The answer is more like "It's up to you!". Because the question is not interesting, it does not help understanding differences between things. A program is just some data that tells the computer what to do. But the "what to do" is decided by us. If we decide it's meaningless garbage, then the computer will do nothing with it.
What really matters
Be precise when you talk about things, use terms with clear definitions.
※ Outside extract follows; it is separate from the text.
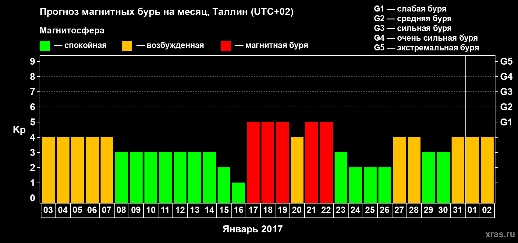 Прогноз магнитных бурь в Таллине — 3 января 2017 года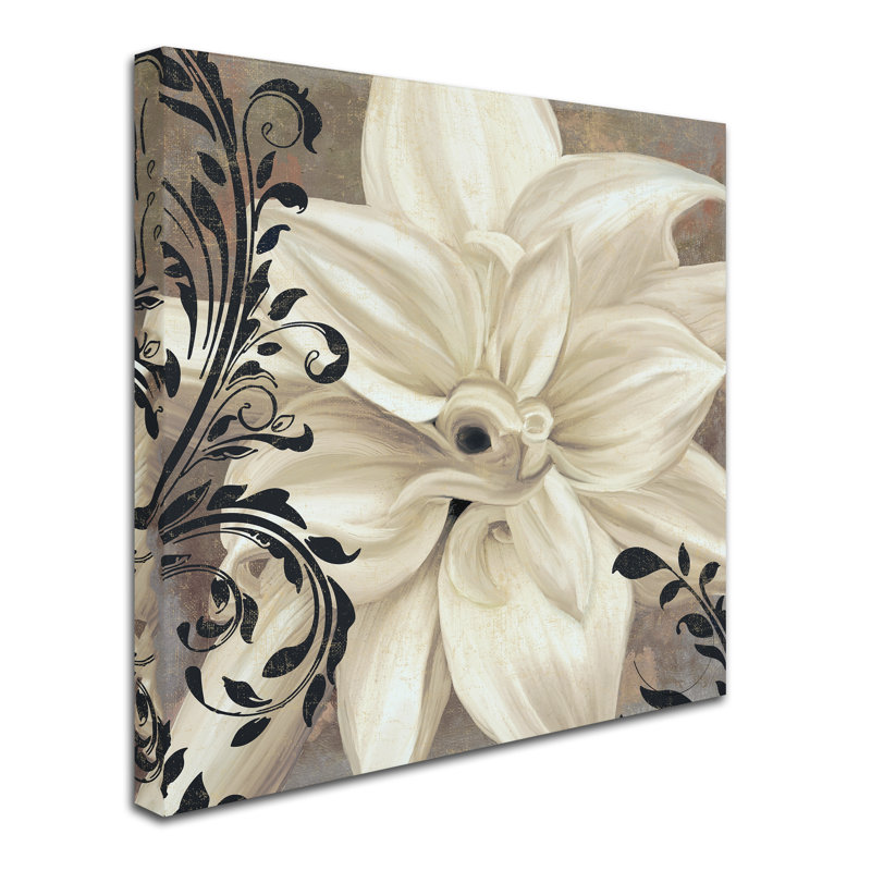 This ready to hang, gallery-wrapped art piece features a painting of a white Gerber daisy with black scroll designs drawn around it. Giclee (jee-clay) is an advanced printmaking process for creating h…. Read More.

We can reason about paradigms:
- procedural
- imperative
- functional
- declarative
- object oriented...
We can reason about usage:
- query data
- detect regular expression patterns
- do a lot of maths
- program a microcontroler
- describe an image using curves
- configure your http server...
All of these can be seen as programming, when doing them we express things in a language that is understandable by the computer (or more precisely: that a program can translate to the computer).
So stop being an elitist.
The only reason someone would try to differentiate programming from non-programming languages or activities is to separate people who program and people who "just write data". Because "programming" is considered a valuable job, while just feeding data to the machine is not (after all, we have GPT and other LLMs now, don't we ?).
But as we saw, processes and data are dual, you can represent data by "how to produce it" (e.g. procedural generation), and you can represent a process by what input (data) gives what output (still data).
In the end, a letter to santa really is a program.